Take the line containing "去迪士尼樂園玩的遊客坐船到一" and every line below it through the end of the entries, and output them verbatim, pictures excluded.

==================================================

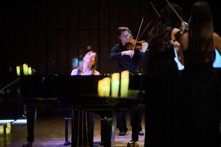 Prawdziwa kolacja „na cztery ręce” nie mogłaby się oczywiście odbyć bez udziału fortepianu, którym podczas koncertu zawładnęła Julia Kociuban – pianistka, absolwentka Uniwersytetu Muzycznego Fryderyka Chopina i salzburskiego Mozarteum, a obecnie również wykładowczyni Akademii Muzycznej im. Grażyny i Kiejstuta Bacewiczów w Łodzi.
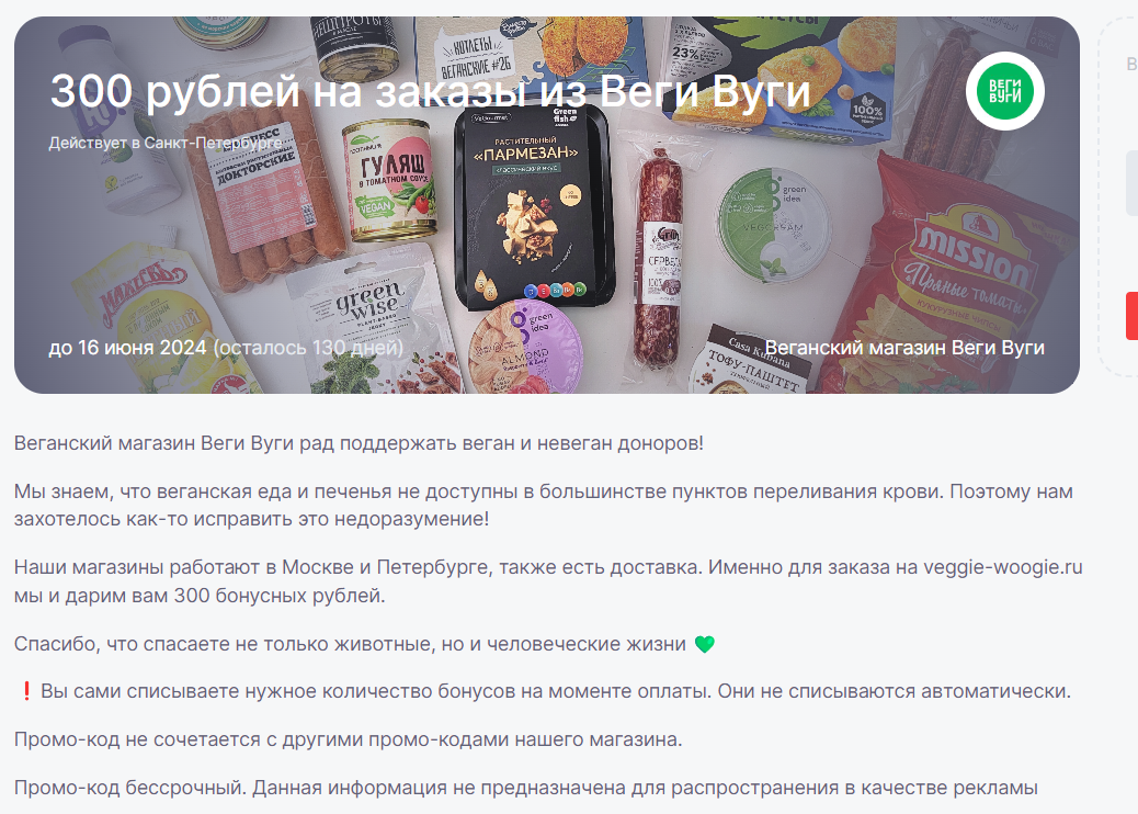 ZiPAnarhia Промокод в Веги Вуги 1 год назад Добрый день! Может быть кому то нужен промокод "tawsdo" дял сайта Веги Вуги Промокод Халява Веганы Москва Санкт-Петербург Скриншот 1 Ещё 0
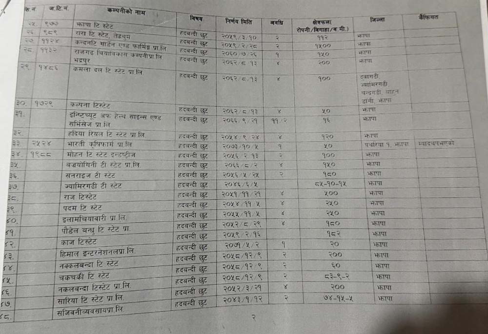 नेपाल सरकारले २०६३ सालयता १९० भन्दा बढी कम्पनीलाई जग्गामा हदबन्दी छुट दिने निर्णय गरेको पाइएको छ । त्यसरी हदबन्दी छुट लिने कम्पनीहरुमा झापा जिल्लाका चिया बगानहरु अत्यधिक छन् ।
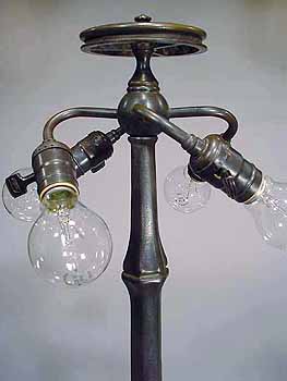 This base is wired according to US safety standards. It comes ready to use in the USA with new old-style cloth covered lamp cord and 4 US turn key lamp sockets. Other standards of electrification are available at no extra cost. The suface of the lamp base and sockets are patinated with brown /dark green- brown Tiffany patina made in our Studio using the original recipe handed down by Tiffany Studios New York. No lacquer is used in the patination process.
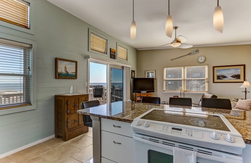 Cozy and comfortable, this second story condo, is full of light. Remodeled in 2012, it is beautifully decorated with new furniture and lovely paintings on the walls. And the panoramic view of the beach and ocean is just what the doctor ordered! One of only 4 condos in Seagate, there is plenty of privacy, as well as open space to the north and south, showing about 120 degrees of beautiful beach and ocean. It is just perfect for one happy couple.
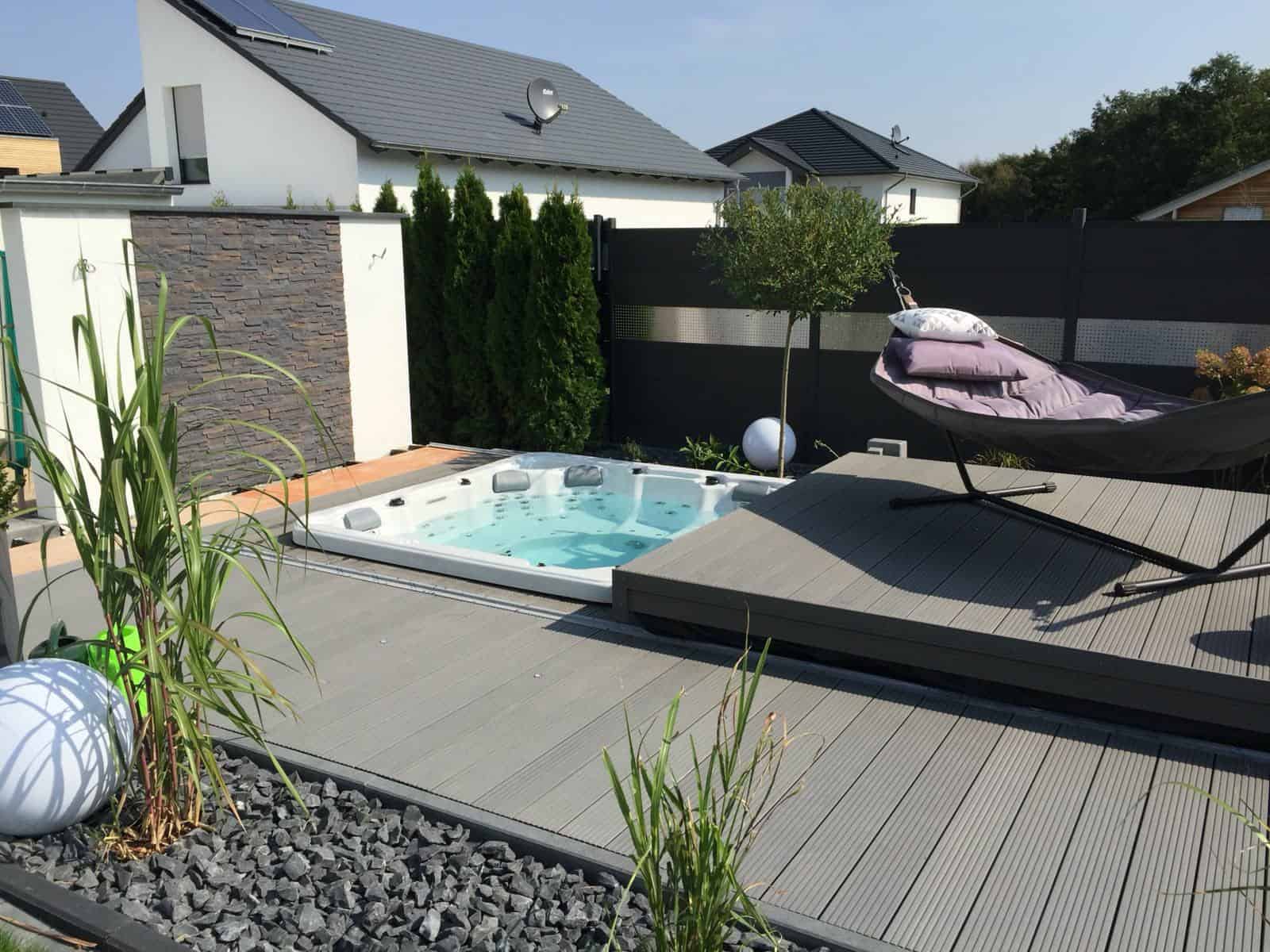 Wir können euch aber schon einmal verraten, dass jedes unserer Tinyhäuser einen eigenen Whirlpool hat. Außerdem gibt es eine Sauna, einen Swimspa und eine Fläche zum sonnen für all unsere Gäste.
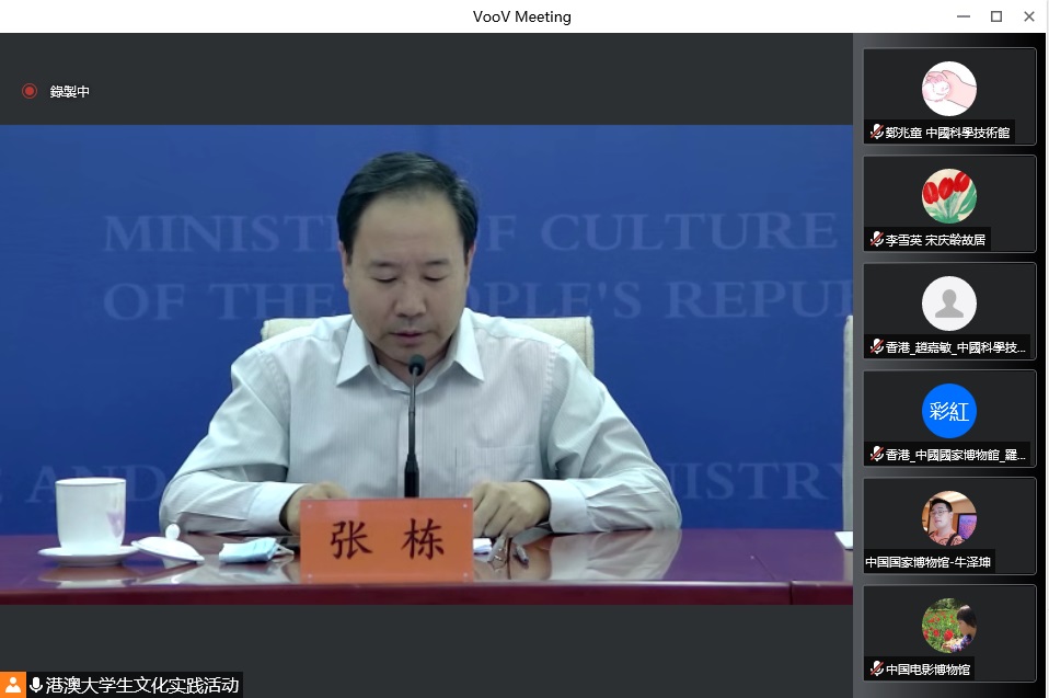 由文化和旅遊部港澳台辦公室、全國青年聯合會秘書處、香港中聯辦青年工作部、澳門中聯辦教育與青年工作部、香港青年聯會以及澳門基金會共同主辦的2022年“港澳大學生文化實踐活動”於8月26日下午舉行線上閉幕式。文化和旅遊部港澳台辦二級巡視員張棟、辦公室處長李文沛、澳門中聯辦教育與青年工作部副處長馬曉偉、香港中聯辦青工部青年處處長王鳳鈺、澳門基金會主席吳志良、香港青年聯會主席楊政龍、中國美術館院長吳為山及各承辦單位和相關實習機構代表共同參與。
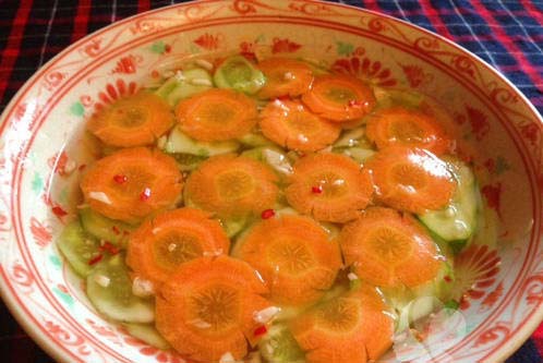 Cà rốt và đu đủ đã được thái lát mỏng vừa ăn cho vào thau, bạn bóp đều tất cả với 1 muỗng muối. Để cà rốt và đu đủ seo lại, sau đó bóp ráo nước. Vắt ráo cà rốt và đu đủ rồi cho vào tô, trộn với một chút giấm ăn, đường, tỏi ớt băm nhỏ, để cho ngấm. Có thể thay thế đu đủ bằng su hào hoặc dưa leo đều được.
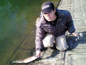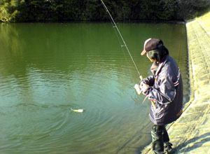 で、大晦日は一人でのんびり管釣りでもするかと下ノ池へ出かけようとしたら、午前中に野池に行っていたチビ君から連絡があって一緒に行くことになりました。チビ君は管釣り初ということで、まずは近くの釣り具店へ初のスプーン買いに寄ったあと下ノ池に向かいました。
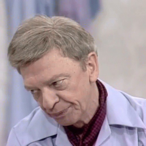 Don Knotts as Ralph Furley from Three's Company, looking to the side with a smirk, wearing a blue shirt and scarf.
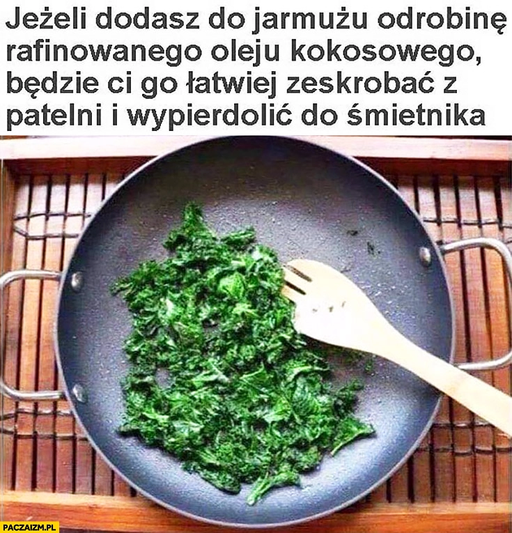 Jeżeli dodasz do jarmużu odrobinę rafinowanego oleju kokosowego będzie Ci go łatwiej zeskrobać z patelni i wywalić do śmietnika
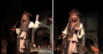 去迪士尼樂園玩的遊客坐船到一半發現「傑克史派羅船長怪怪的」,走近看「是真的強尼戴普」!(影片)
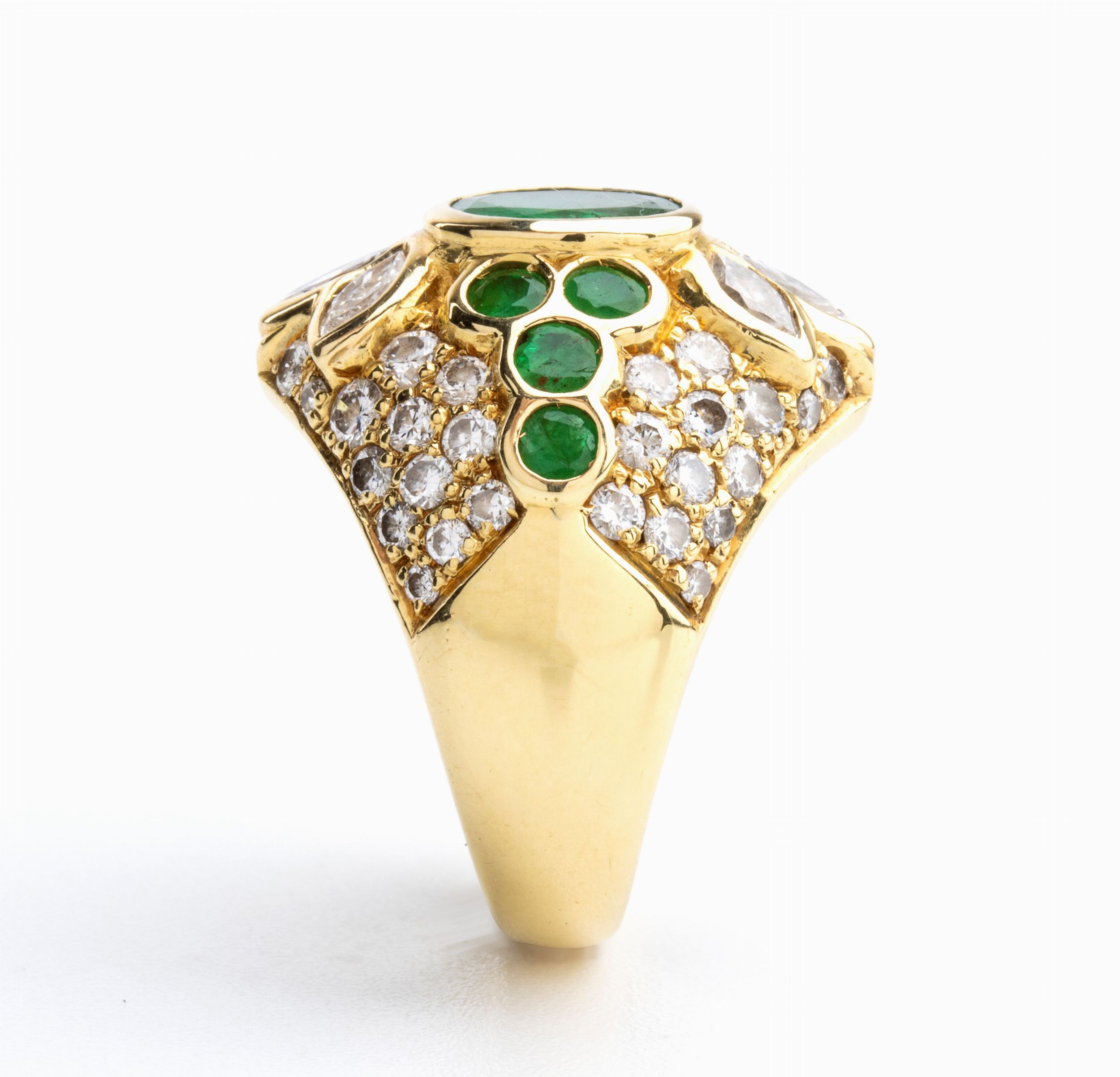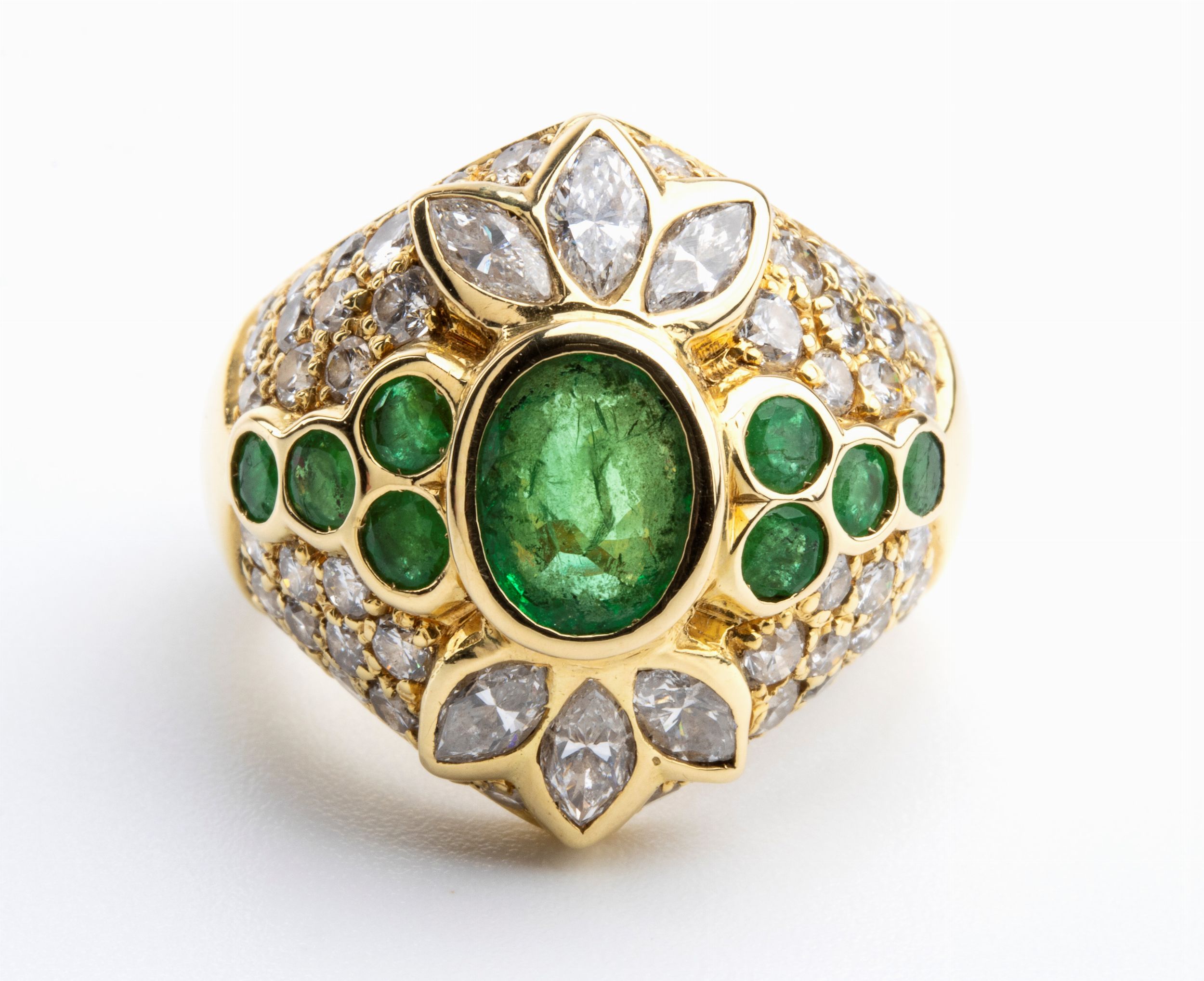 in oro giallo 18k, a fascia, a motivo floreale impreziosito da smeraldi e diamanti.

==================================================

> _ANSWER BOX_:
 去迪士尼樂園玩的遊客坐船到一半發現「傑克史派羅船長怪怪的」,走近看「是真的強尼戴普」!(影片)
 in oro giallo 18k, a fascia, a motivo floreale impreziosito da smeraldi e diamanti.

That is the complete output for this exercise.